### Your task
Only an exact copy of the lines from the one containing "道路の幅員 | 道路幅:4m、アスファルト舗装、北側約4.0m私道、南側約3.64m区有通路 |" through the last line of the material below belongs in the answer, with no pictures.

### Supplied data

┌──

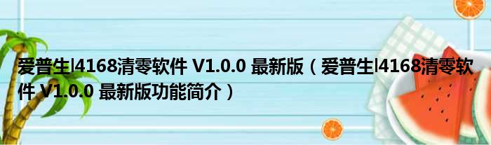 爱普生l4168清零软件 V1.0.0 最新版(爱普生l4168清零软件 V1.0.0 最新版功能简介)
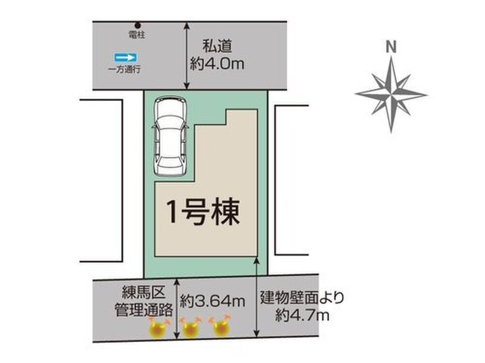 | 駐車場 | 1台 | 道路の幅員 | 道路幅:4m、アスファルト舗装、北側約4.0m私道、南側約3.64m区有通路 |
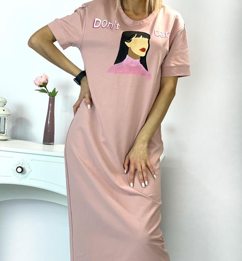Платье LUX-45222 от бренда LUXE CRIME представляет собой стильный и комфортный предмет гардероба для повседневного ношения. Его свободный крой и мягкая ткань делают его идеальным выбором для создания расслабленных образов. Оригинальный принт с изображением девушки и надписью "Don`t Car" придает платью индивидуальность и модный акцент.

└──

### Problem solution
 | 駐車場 | 1台 | 道路の幅員 | 道路幅:4m、アスファルト舗装、北側約4.0m私道、南側約3.64m区有通路 |
Платье LUX-45222 от бренда LUXE CRIME представляет собой стильный и комфортный предмет гардероба для повседневного ношения. Его свободный крой и мягкая ткань делают его идеальным выбором для создания расслабленных образов. Оригинальный принт с изображением девушки и надписью "Don`t Car" придает платью индивидуальность и модный акцент.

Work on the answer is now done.